This is the loop in question:
#pragma omp parallel for simd collapse(3)
for (uint64 u = 0; u < nu; ++u) {
for (uint64 e = 0; e < ne; ++e) {
for (uint64 v = 0; v < nv; ++v) {
uAT[u][e] += _uT[u][e][v] * wA[e][v];
}
}
}
Could someone explain to me, why this causes a data race? I would really like to understand this, so that I don't run into these issues in the future. Also, can this loop be parallelized at all? If so, how?
EDIT: How do I know that there is a data race?
What this loop should accomplish (and it does in serial) is to compute the element average of a function in a Discontinuous Galerkin frame work. When I run the code a bunch of times, sometimes I get different results, eventhough it should always produce the same results. The resulting wrong values are always smaller than what the should be, which is why I assume that some values are not being added. Maybe this picture explains it better: The average in the third cell is obviously wrong (too small).
Original answer concerning multi-threading, not SIMD
By using the collapse(3) clause, the whole iteration space of nu * ne * nv iterations is distributed among threads. This means that for any combination of u and e, the v loop could be distributed among multiple threads as well. These can then access the same element uAT[u][e] in parallel, which is the data race.
As long as nu * ne is much bigger than the number of CPU cores that you work on, the easiest solution is to instead use collapse(2). As there can be inefficient implementations of collapse (See here), you might even want to leave it away completely depending on nu being big enough.

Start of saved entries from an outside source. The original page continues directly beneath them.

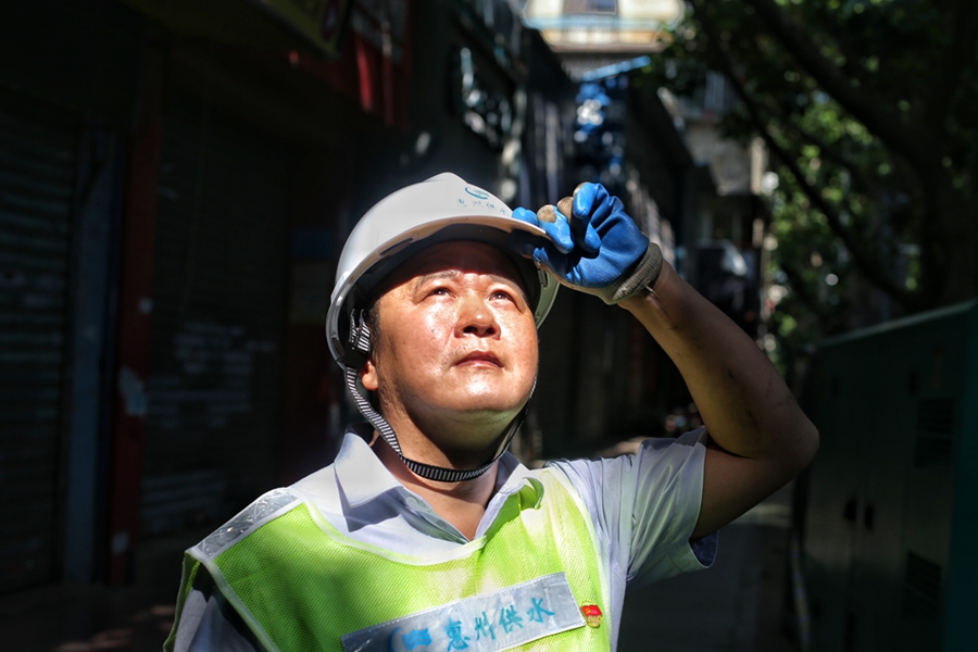 烈日當(dāng)空,驕陽似火,供水人奔走在城市供水管道每一個(gè)運(yùn)輸點(diǎn),汗水滑落臉龐,浸濕身上衣裳。各營業(yè)網(wǎng)點(diǎn)管網(wǎng)巡查員穿街走巷,重點(diǎn)巡查供水管網(wǎng)及附屬設(shè)施維護(hù)及查漏,發(fā)現(xiàn)供水管道滲漏、破裂等情況發(fā)生,及時(shí)反饋至供水維修隊(duì)。在用水高峰期,市供水有限公司搶修隊(duì)員24小時(shí)待命,接到反饋第一時(shí)間到現(xiàn)場處理。各水廠維修員徘徊在“桑拿房”內(nèi),重點(diǎn)檢查水廠機(jī)組、設(shè)備運(yùn)行指標(biāo)情況,發(fā)現(xiàn)隱患苗頭,現(xiàn)場維修排除故障。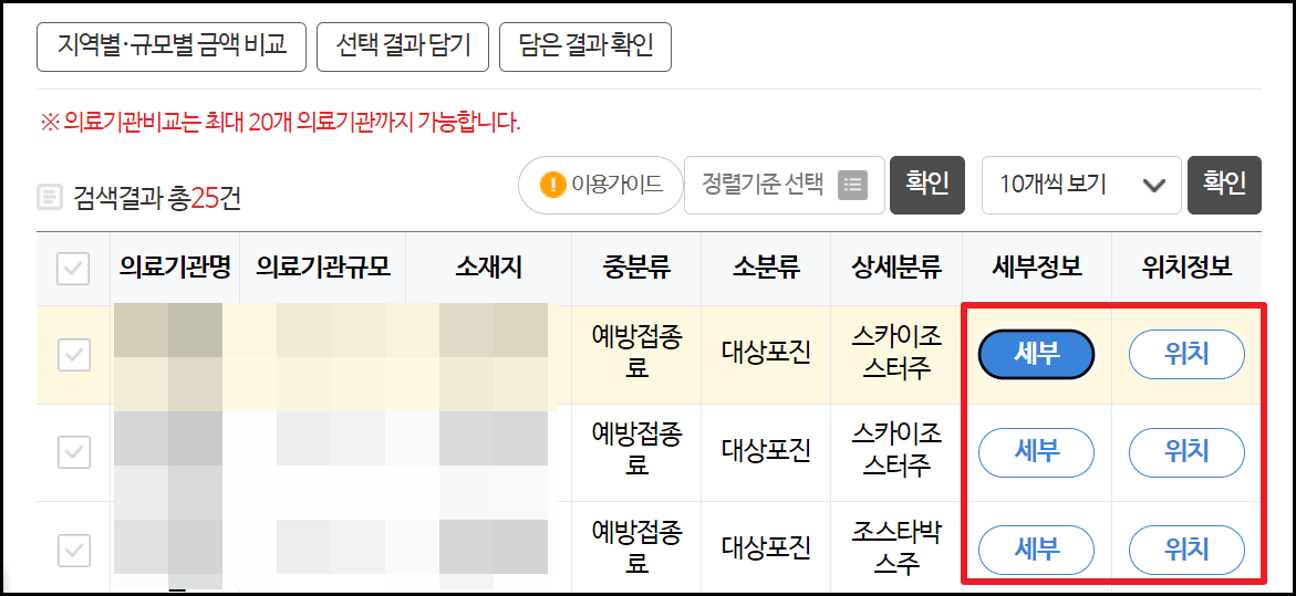 - 검색으로 나온 의료기관들 오른쪽에 보이는 세부정보를 누르시면 대상포진 예방접종 백신 가격이 나옵니다. (사진 4, 5 참조)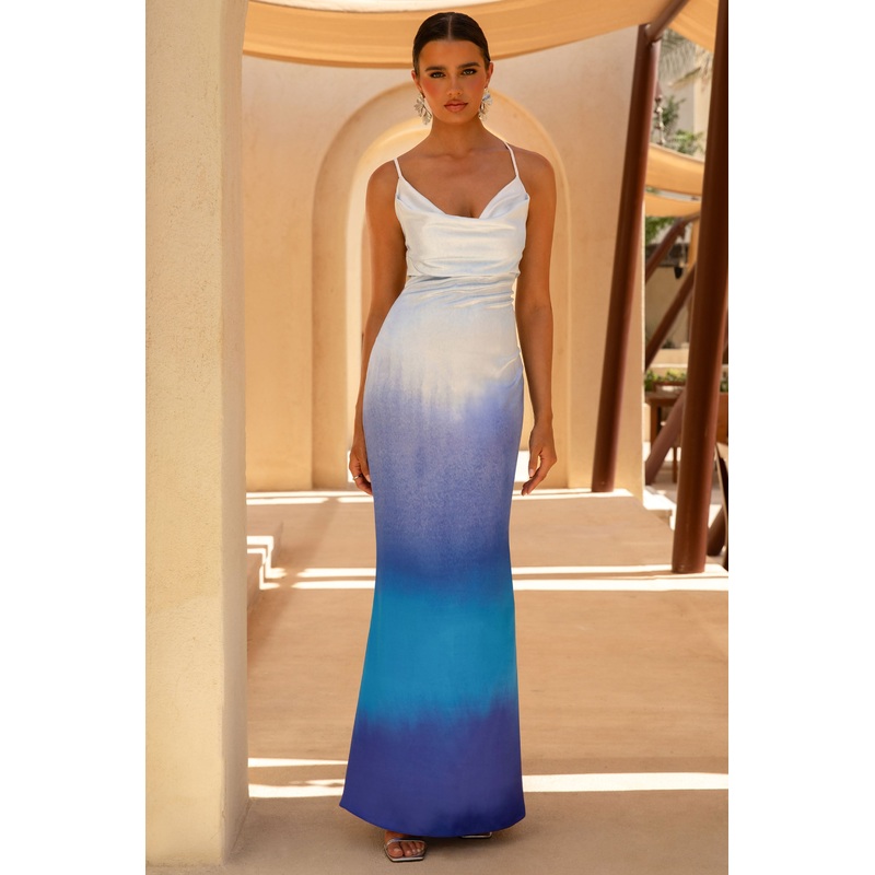 Fiji | Blue Ombre Satin Cowl-Neck Strappy Maxi Dress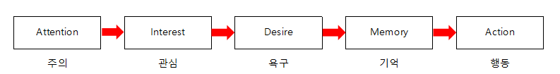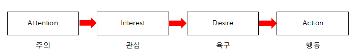 "인지 Awarebess → 이해와 이미지 comprehension & image → 태도 attitude → 행동 Action"의 단계를 거친다.

If you really need the parallelism from all three loops to efficiently use your hardware, you can use either reduction(+: uAT[0:nu][0:ne]) (add it into your existing pragma) or put a #pragma omp atomic update in front of uAT[u][e] += ...;. Which of these options is faster should be benchmarked. The reduction clause will use a lot more memory due to every thread getting its own private copy of the whole memory addressed through uAT. On the other hand the atomic update could in the worst case sequentialize part of your parallel work and give worse performance than using collapse(2).
Edit 1: SIMD
I just saw that you are also concerned with SIMD instead of just multi-threading. My original answer is about the latter. For SIMD I would first take a look at your compilers output without any OpenMP directives (e.g. on Compiler Explorer). If your compiler (with optimization and information on the target processor architecture) does already use SIMD instructions, you might not need to use OpenMP in the first place.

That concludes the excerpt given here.